Deployment is orchestrated with a single Docker Compose file and executed on Vast AI. The process includes selecting a GPU instance (the transcript cites a 3090 at about 28 cents), SSH-ing into the provisioned machine, cloning the repository, inserting the Hugging Face token, and running docker compose up to pull images, download model weights, and start the vLLM server. Once running, Prometheus and Grafana begin collecting metrics, and the LangChain + MLflow client can generate requests against the secured public API. The result is an end-to-end LLMOps stack aimed at production readiness: concurrency-friendly serving, basic access control, continuous monitoring, and structured inference logging.
Cornell Notes
The stack turns a local LLM into a production-style service by combining vLLM, Nginx, Prometheus, Grafana, and MLflow. vLLM provides high-throughput inference and efficient GPU memory use via paged attention, while runtime safeguards limit GPU memory to 90% and cap the context window (4,96 tokens as stated). Nginx sits in front to enforce authorization before requests reach the vLLM API, and a health check endpoint helps detect startup or runtime issues. Prometheus scrapes vLLM metrics every five seconds and Grafana renders dashboards for latency and token throughput. LangChain sends chat requests through an OpenAI-compatible base URL, and MLflow logs each conversation’s request/response and token counts for later inspection.

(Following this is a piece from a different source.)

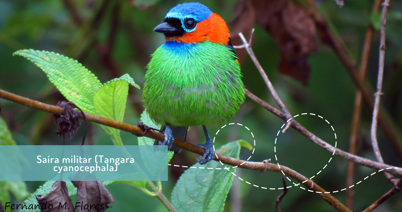
Saíra militar (Tangara cyanocephala)

Why is vLLM positioned as the inference engine in this LLMOps stack?
How does the stack reduce the chance of GPU-related crashes during inference?
What role does Nginx play, and what security caveat is mentioned?
How do Prometheus and Grafana work together to monitor the running model?
How does MLflow fit into the inference workflow?
What does the deployment process on Vast AI look like at a high level?
Review Questions
- Which specific vLLM configuration choices in the transcript are meant to prevent out-of-memory failures, and how do they relate to context length and GPU memory utilization?
- How does the stack ensure that only authorized requests reach the inference service, and what production-hardening step is recommended?
- What metrics does Grafana visualize in the described dashboard, and how does Prometheus’s scraping interval affect the monitoring granularity?
Key Points
- 1
vLLM is used to serve the LLM with higher throughput and paged attention for more efficient GPU memory utilization.
- 2
Nginx provides a reverse-proxy layer that enforces token-based authorization before requests reach the vLLM inference API.
- 3
Prometheus scrapes vLLM metrics every five seconds, and Grafana turns those metrics into dashboards focused on latency and token throughput.
- 4
Health checks call the vLLM health endpoint every 30 seconds after a 300-second startup delay to catch failures early.
- 5
GPU stability is improved by capping GPU memory utilization at 90% and limiting the context window to 4,96 tokens (as stated).
- 6
MLflow logs each conversation’s request/response and token counts, enabling experiment tracking alongside live inference.
- 7
Docker Compose packages the entire stack for deployment on Vast AI, including model download, container startup, and metrics/observability services.